Emilia Mae knew how babies were made. Whenever she’d ride her bike to pick up desserts for the inn, she’d watch the pregnant women at the bakery. They rubbed their bellies like fortune-tellers warming up crystal balls. They looked flushed and pleased in a way that was different from when they selected petit fours. She was definitely not one of them. I’m eighteen and not even out of high school, she thought. God knows I have nothing to be pleased about. I’m not pregnant like they are. Mother is right: Natures are natures, and maybe mine does have the devil in it. Maybe that’s what this is all about. It will go away soon.

But it didn’t go away. Emilia Mae was scared and tired and had trouble keeping food down. She needed her mother. Or a mother. Someone to comfort her, tell her she’d be okay. On her trips to the bakery during the week and sitting next to her mother at church on Sundays, she waited for Geraldine to notice. Surely, she would see her belly, the dark circles under her eyes, and ask what was wrong. As she grew out of her clothes, she wore the same overalls and large oxford shirt every day. She became careless about stains on the shirt and how often she washed her hair. She walked with the slumped demeanor of fatigue. The men who visited the Neptune Inn stopped noticing her. Still, her mother said nothing, and her father greeted her warmly as if nothing were amiss.

It was Xena who noticed her friend’s weight gain and stains on her shirt. She figured she was going through some sort of teenage moodiness and kept Emilia Mae in her prayers. One afternoon, as they were preparing a meatloaf, she asked Emilia Mae if she was a churchgoing girl.

“Not by choice. My mother makes me go with her to St. Bernadette’s on Sundays, but I’d just as soon clean dead mice out of the basement. I hate the priest over there. He’s cold and mean and has an oily voice.”

“Well, that doesn’t sound like enough reason to hate the man.”

“Yeah, well he does these creepy sermons like he’s trying to scare us into believing.”

Xena nodded as she worked the meat with her hands. “A lot of them do that. What does he say?”

“The other day he talked about how a sinful soul could corrupt the flesh. Believe me, I wasn’t the only one who was secretly studying the skin on my arms. He’s always telling us that impure thoughts could make for a soiled life. He makes me feel dirty inside. His stories about fallen women who have improper intimacy with men are horrifying. The women always end up dying, but not before they suffer baseball-sized tumors in their throats or pus-filled sores up and down their legs.”
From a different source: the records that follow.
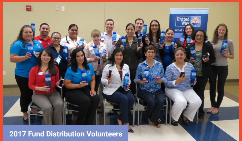
2017 Fund Distribution Volunteers

Advertis, Inc. AEP Texas BBVA Compass Bank Burton McCumber & Longoria, LLP Chase Bank City of McAllen City Of Weslaco Elsa State Bank Frost Bank H-E-B Infinity Auto Insurance Inter National Bank JP Morgan Chase Bank Lone Star National Bank Mission CISD Navy Army Community Credit Union Sam's Club Security First Credit Union Target Texas Regional Bank The Monitor Universal Pawn UT-RGV Veteran's Administration Walmart Wells Fargo
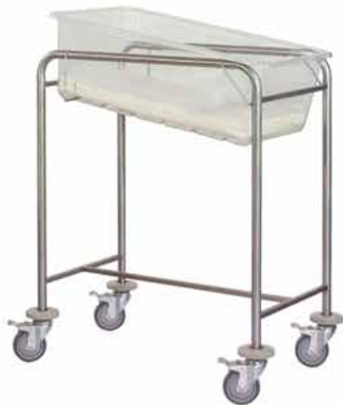
Baby Bassinet Trolley
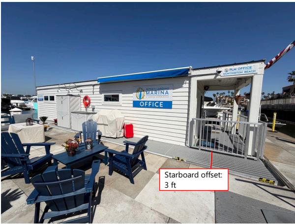
Photograph 3 Starboard Side of Marina Office

“What about the men?” asked Xena.

“He never says what happens to them. I assume they go off to play golf or hunt down little birds. Anyway, one time, Father Daley told us that demons could take over a person’s body if that person is evil. That’s when my mother poked me in the ribs as if to say, ‘There you have it.’ So, yeah, I hate the priest over there.”
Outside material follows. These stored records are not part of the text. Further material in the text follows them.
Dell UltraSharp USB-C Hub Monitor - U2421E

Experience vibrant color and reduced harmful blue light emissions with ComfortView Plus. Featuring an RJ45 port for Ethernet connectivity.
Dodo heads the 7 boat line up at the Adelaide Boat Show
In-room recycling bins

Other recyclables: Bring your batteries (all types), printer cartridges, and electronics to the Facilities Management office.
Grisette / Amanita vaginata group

“Do you really think demons have taken over your body?” Xena sounded incredulous.

Emilia Mae laughed. “I kind of do. If you count unkind thoughts as evil, I’ve got a tribe of demons living in me.”

Xena looked up from the meat she was kneading. “Wash your hands and help me with this. What kind of evil thoughts are you talking about?”

The cold meat squished through her fingers as Emilia Mae gave voice to her secret thoughts. “My mother. No matter what I do, I can’t make her like me. Sometimes I wish I had another mother. I don’t much like New Rochelle. The rich are too rich and the poor too poor here. I hate all those stores my mother’s always swooning about. Sometimes I wish a fire would burn the whole place down. How’s that for evil thoughts?”